**PROBLEM DETAILS:**
If the records below hold pictures, omit them, and print exactly the lines from the first line through the line containing "The fruit of", inclusive.

**EXCERPTED RECORDS:**
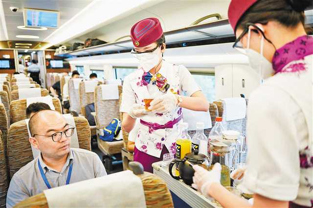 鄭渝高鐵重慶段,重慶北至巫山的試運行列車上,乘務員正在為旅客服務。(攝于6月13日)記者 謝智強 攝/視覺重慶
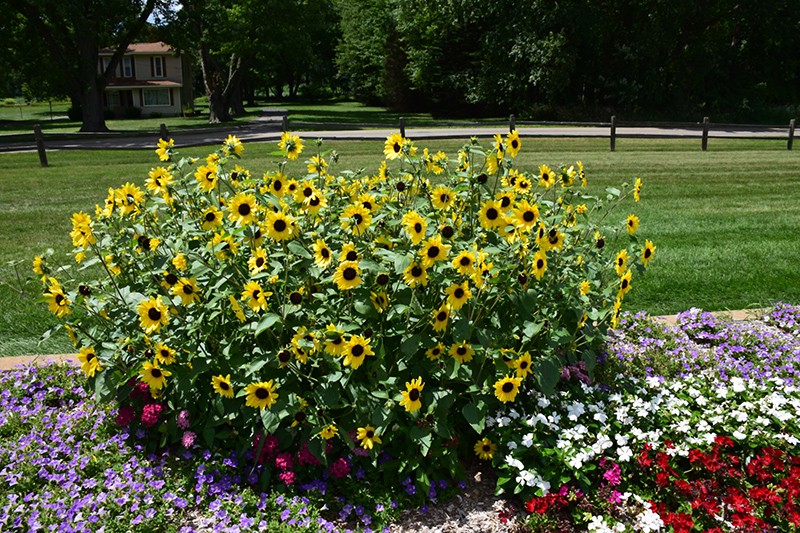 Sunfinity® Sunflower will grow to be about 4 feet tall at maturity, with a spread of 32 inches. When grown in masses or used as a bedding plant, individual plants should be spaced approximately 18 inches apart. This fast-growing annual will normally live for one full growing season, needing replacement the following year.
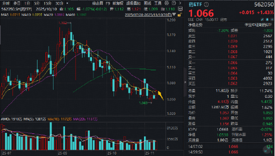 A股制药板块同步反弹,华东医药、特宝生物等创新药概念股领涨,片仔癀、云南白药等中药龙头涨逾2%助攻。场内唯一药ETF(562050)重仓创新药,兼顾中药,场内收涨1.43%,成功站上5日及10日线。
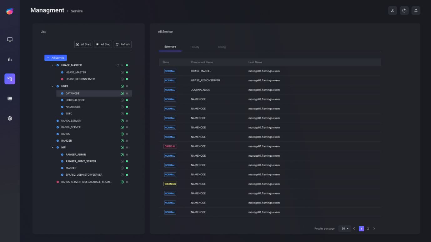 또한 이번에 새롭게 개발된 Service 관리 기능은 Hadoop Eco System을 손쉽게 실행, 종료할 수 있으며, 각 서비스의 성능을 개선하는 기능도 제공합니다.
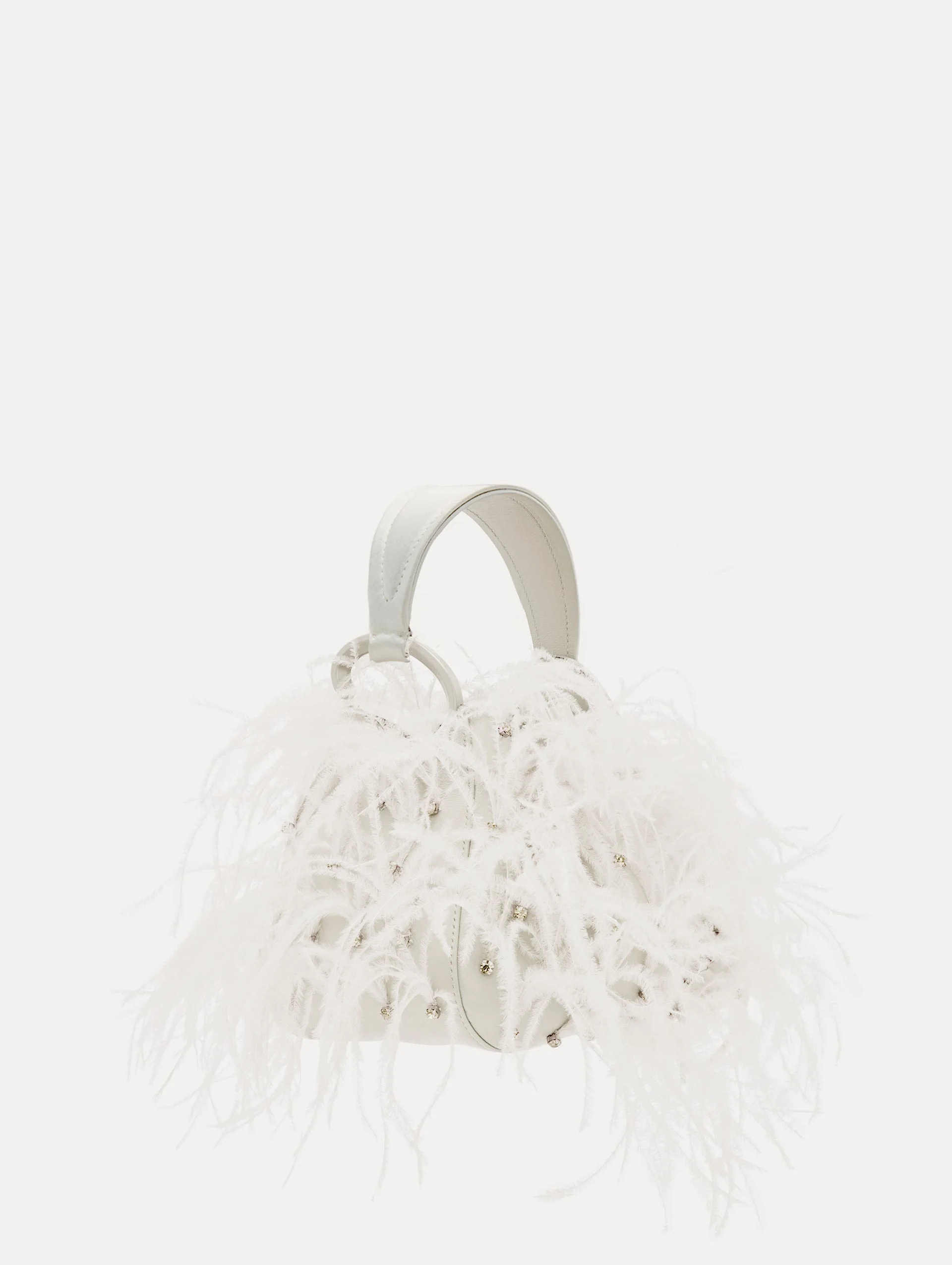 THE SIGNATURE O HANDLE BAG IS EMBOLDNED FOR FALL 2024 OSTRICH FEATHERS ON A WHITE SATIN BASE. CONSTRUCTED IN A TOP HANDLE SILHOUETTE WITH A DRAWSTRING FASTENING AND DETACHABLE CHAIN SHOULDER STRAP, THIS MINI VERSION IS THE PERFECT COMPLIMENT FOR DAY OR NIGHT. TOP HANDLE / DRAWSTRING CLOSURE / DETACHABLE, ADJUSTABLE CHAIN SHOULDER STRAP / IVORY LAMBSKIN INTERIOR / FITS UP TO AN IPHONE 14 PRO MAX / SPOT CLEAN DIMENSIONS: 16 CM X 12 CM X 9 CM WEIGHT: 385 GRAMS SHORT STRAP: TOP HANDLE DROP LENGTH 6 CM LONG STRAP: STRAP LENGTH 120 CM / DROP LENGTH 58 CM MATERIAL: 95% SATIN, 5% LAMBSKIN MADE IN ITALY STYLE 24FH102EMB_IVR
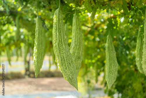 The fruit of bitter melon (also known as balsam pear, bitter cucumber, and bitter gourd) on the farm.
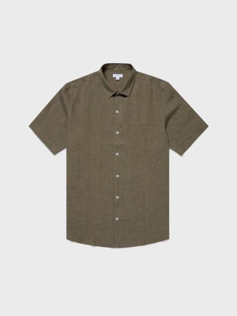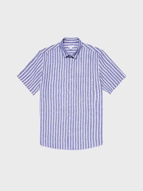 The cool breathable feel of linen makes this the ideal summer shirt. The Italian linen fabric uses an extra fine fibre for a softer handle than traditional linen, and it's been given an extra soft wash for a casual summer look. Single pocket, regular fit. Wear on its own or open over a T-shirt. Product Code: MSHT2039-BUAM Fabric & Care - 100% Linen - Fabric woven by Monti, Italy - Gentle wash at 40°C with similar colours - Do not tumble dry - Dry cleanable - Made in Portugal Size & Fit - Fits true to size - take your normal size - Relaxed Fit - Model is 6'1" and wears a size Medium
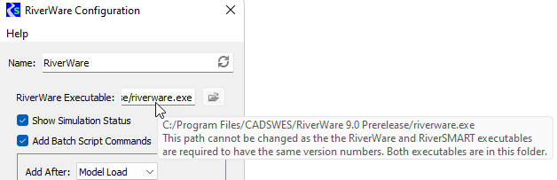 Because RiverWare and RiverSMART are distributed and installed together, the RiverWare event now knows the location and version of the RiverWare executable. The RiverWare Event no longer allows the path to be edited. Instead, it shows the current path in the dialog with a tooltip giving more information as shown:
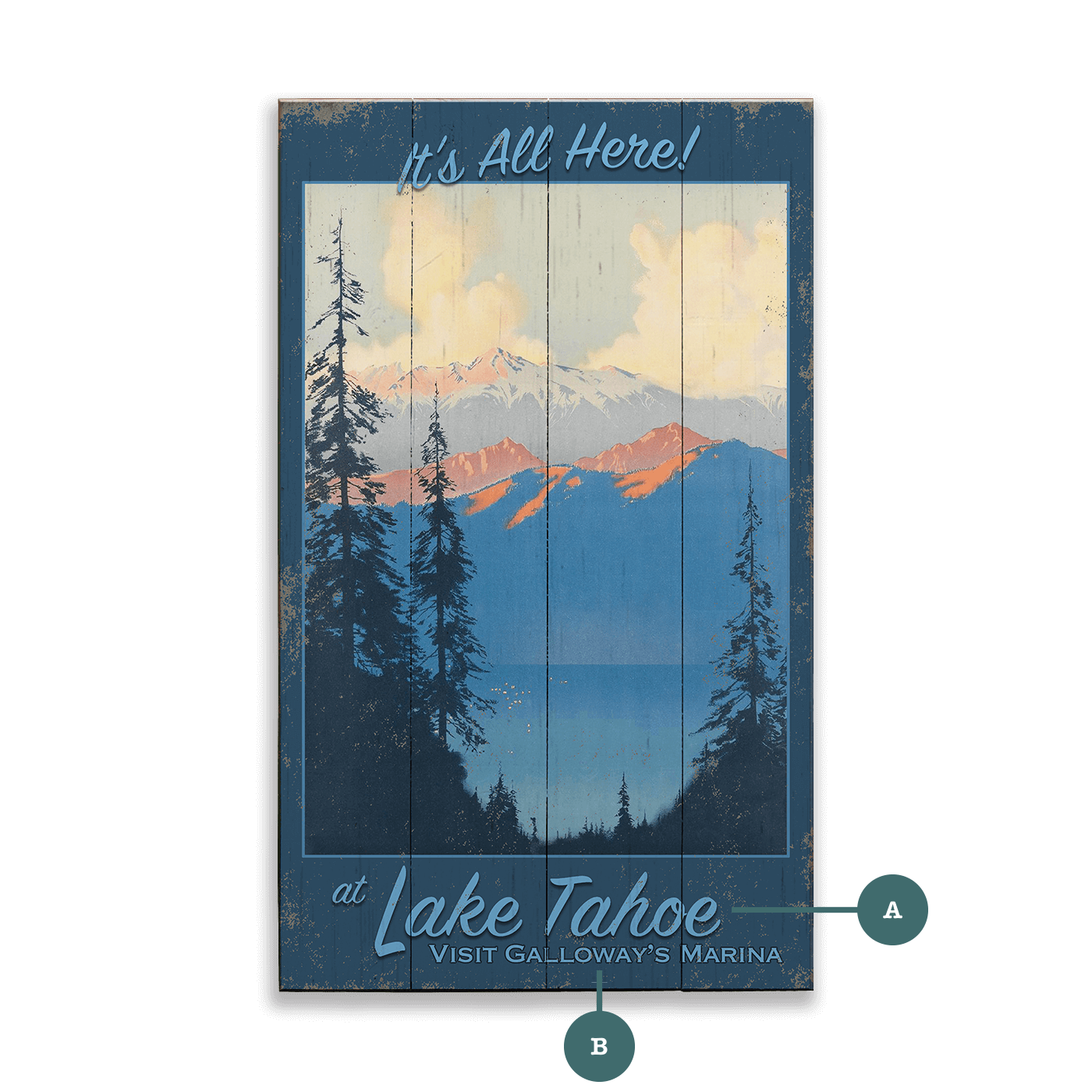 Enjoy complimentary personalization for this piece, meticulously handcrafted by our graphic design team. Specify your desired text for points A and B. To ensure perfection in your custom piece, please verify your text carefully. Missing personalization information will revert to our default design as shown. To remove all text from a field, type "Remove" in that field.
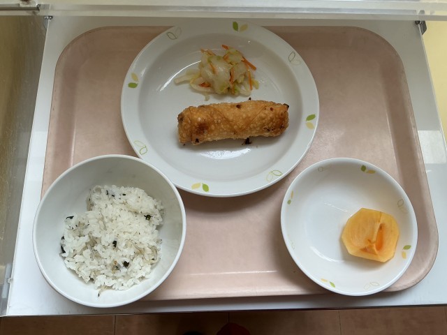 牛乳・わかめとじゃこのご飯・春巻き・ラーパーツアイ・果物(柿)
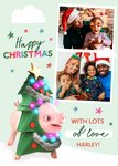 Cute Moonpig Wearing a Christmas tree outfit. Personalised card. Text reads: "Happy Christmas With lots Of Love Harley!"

**ANSWER TO THIS TASK:**
 鄭渝高鐵重慶段,重慶北至巫山的試運行列車上,乘務員正在為旅客服務。(攝于6月13日)記者 謝智強 攝/視覺重慶
 Sunfinity® Sunflower will grow to be about 4 feet tall at maturity, with a spread of 32 inches. When grown in masses or used as a bedding plant, individual plants should be spaced approximately 18 inches apart. This fast-growing annual will normally live for one full growing season, needing replacement the following year.
 A股制药板块同步反弹,华东医药、特宝生物等创新药概念股领涨,片仔癀、云南白药等中药龙头涨逾2%助攻。场内唯一药ETF(562050)重仓创新药,兼顾中药,场内收涨1.43%,成功站上5日及10日线。
 또한 이번에 새롭게 개발된 Service 관리 기능은 Hadoop Eco System을 손쉽게 실행, 종료할 수 있으며, 각 서비스의 성능을 개선하는 기능도 제공합니다.
 THE SIGNATURE O HANDLE BAG IS EMBOLDNED FOR FALL 2024 OSTRICH FEATHERS ON A WHITE SATIN BASE. CONSTRUCTED IN A TOP HANDLE SILHOUETTE WITH A DRAWSTRING FASTENING AND DETACHABLE CHAIN SHOULDER STRAP, THIS MINI VERSION IS THE PERFECT COMPLIMENT FOR DAY OR NIGHT. TOP HANDLE / DRAWSTRING CLOSURE / DETACHABLE, ADJUSTABLE CHAIN SHOULDER STRAP / IVORY LAMBSKIN INTERIOR / FITS UP TO AN IPHONE 14 PRO MAX / SPOT CLEAN DIMENSIONS: 16 CM X 12 CM X 9 CM WEIGHT: 385 GRAMS SHORT STRAP: TOP HANDLE DROP LENGTH 6 CM LONG STRAP: STRAP LENGTH 120 CM / DROP LENGTH 58 CM MATERIAL: 95% SATIN, 5% LAMBSKIN MADE IN ITALY STYLE 24FH102EMB_IVR
 The fruit of bitter melon (also known as balsam pear, bitter cucumber, and bitter gourd) on the farm.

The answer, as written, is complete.